The production process of 4-hydroxy-7-methoxy-3-quinolinecarboxylic acid can be broken down into several steps:
- Synthesis of 7-methoxy-2,3-dimethylquinoxaline
The first step in the production process is the synthesis of 7-methoxy-2,3-dimethylquinoxaline, which is a key intermediate for mefloquine hydrochloride.
This compound can be synthesized by reacting 2,3-dimethylquinoxaline with methyl iodide in the presence of a solvent such as dimethylformamide.
The reaction is then followed by purification of the resulting product, which involves techniques such as column chromatography or recrystallization. - Synthesis of 4-hydroxy-7-methoxy-3-quinolinecarboxylic acid
Once 7-methoxy-2,3-dimethylquinoxaline is synthesized, it can be converted to 4-hydroxy-7-methoxy-3-quinolinecarboxylic acid through a series of chemical reactions.
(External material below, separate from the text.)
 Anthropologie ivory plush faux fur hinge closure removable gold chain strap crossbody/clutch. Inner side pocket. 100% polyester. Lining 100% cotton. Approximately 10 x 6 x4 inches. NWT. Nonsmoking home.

The first step involves the condensation of 7-methoxy-2,3-dimethylquinoxaline with phthalic anhydride in the presence of a catalyst such as benzoic acid.
The resulting product is then treated with anhydrous hydrochloric acid to form the hydrochloride salt of 4-hydroxy-7-methoxy-3-quinolinecarboxylic acid. - Purification of 4-hydroxy-7-methoxy-3-quinolinecarboxylic acid hydrochloride
After the synthesis of 4-hydroxy-7-methoxy-3-quinolinecarboxylic acid hydrochloride, the product is typically purified through a series of techniques such as filtration, crystallization, and chromatography.
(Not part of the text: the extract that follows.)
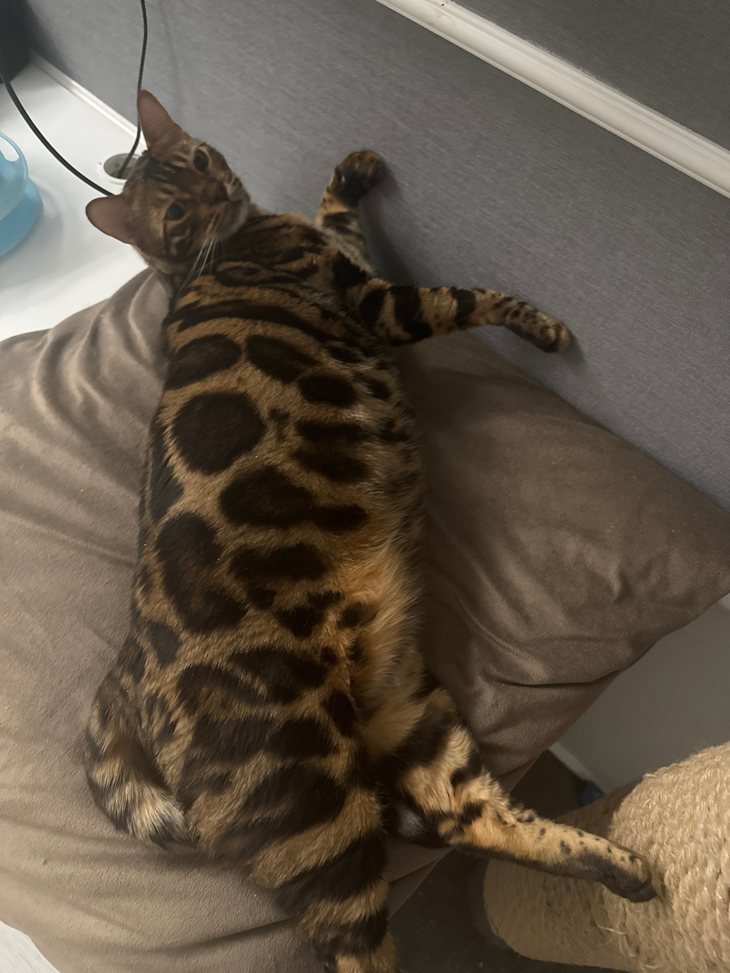 A Bengal cat lies on its back on a brown cushion. The cat has distinctive dark brown spots on a lighter brown coat. One leg is raised and stretched near a scratching post. The other leg is also raised…read more

This purification process is important to remove any impurities that may have been introduced during the synthesis process, and to ensure that the final product meets the required purity standards for use as a pharmaceutical ingredient. - Formulation and packaging
Once the purified 4-hydroxy-7-methoxy-3-quinolinecarboxylic acid hydrochloride meets the required specifications, it can be formulated into various dosage forms such as tablets, capsules, or suspensions.
The final product is then packaged in appropriate containers, and labelled with relevant information such as the drug name, strength, and expiration date.
In conclusion, the production process of 4-hydroxy-7-methoxy-3-quinolinecarboxylic acid involves several synthesis and purification steps, which require a high degree of technical expertise and strict adherence to quality control procedures.
The final product must meet strict pharmaceutical standards for purity, potency, and stability, in order to ensure its safety and efficacy when used as an antimalarial drug.